Аш сидел в открытой беседке, увитой толстыми лозами глицинии. Нужно идти в дом, общаться со всеми, но хоть на несколько минут он может вдохнуть свежего воздуху? Побыть в покое?
Несмотря на размеры, дом казался душным, тесным и слишком шумным.
С того места, где он сидел, был виден изящный силуэт гостевого дома с многоцветным садом. Мать Оливера еще не выходила и заперлась вместе с невесткой, дочерью и теми, кого его отец шутливо называл стаей гусей.
Но это к лучшему, и у нее есть время искать утешения у этих женщин еще до похорон.
Он сделал все, чтобы обрисовать ей заупокойную церемонию. Только белые цветы, и казалось, их целые акры. Десятки белых стульев, расставленных рядами по длинному северному газону. Белая трибуна для ораторов. Выбранные ею снимки Оливера в белых рамках. Струнный квартет (Иисусе!), которому велено одеться в белое. Всех скорбящих просили одеться в черное.
Только волынщику было позволено одеться в цветное.
Он считал, и, к счастью, отец согласился, что матери необходимо дать все, что она хочет, если уж приходится планировать похороны своего ребенка.
Хотя он надеялся на небольшую церемонию, собралось больше трехсот гостей. Большинство членов семьи и несколько друзей прибыли еще вчера и теперь разошлись по всему дому с десятью спальнями, гостевому дому, дому у бассейна и саду.
Им нужно было поговорить, задать вопросы, на которые у него не было ответов, есть, спать, смеяться, плакать. Они всасывали каждую каплю воздуха.
Претерпев более тридцати шести часов всего этого, Аш только и мечтал что о своей мастерской, своем доме. И все же улыбнулся, когда его единокровная сестра Гизела, черноволосая красавица, вошла под тенистые плети. Села рядом и склонила голову ему на плечо.
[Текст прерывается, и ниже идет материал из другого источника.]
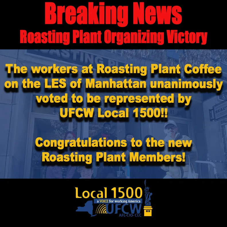 On Friday, January 24, UFCW Local 1500 was unanimously chosen to represent the workers of Roasting Plant Coffee on Manhattan’s Lower East Side. UFCW Local 1500 also represents coffee shop workers at Partners Coffee in Brooklyn and at 19 Blank Street Coffee locations throughout New York City. Congratulations to our newest members, and welcome to the UFCW Local 1500 family!

– Я решила прогуляться, прежде чем сброшу Катрину с балкона Джульетты в бассейн. Но не уверена, что доброшу, так что прогулка показалась лучшей идеей. И нашла тебя.
– Гораздо лучшей. Что она сделала?
– Рыдала, рыдала, рыдала, рыдала. Она и Оливер почти не разговаривали, а когда открывали рты, то лишь для того, чтобы оскорбить друг друга.
– Может, поэтому она и плачет. Некого теперь оскорблять.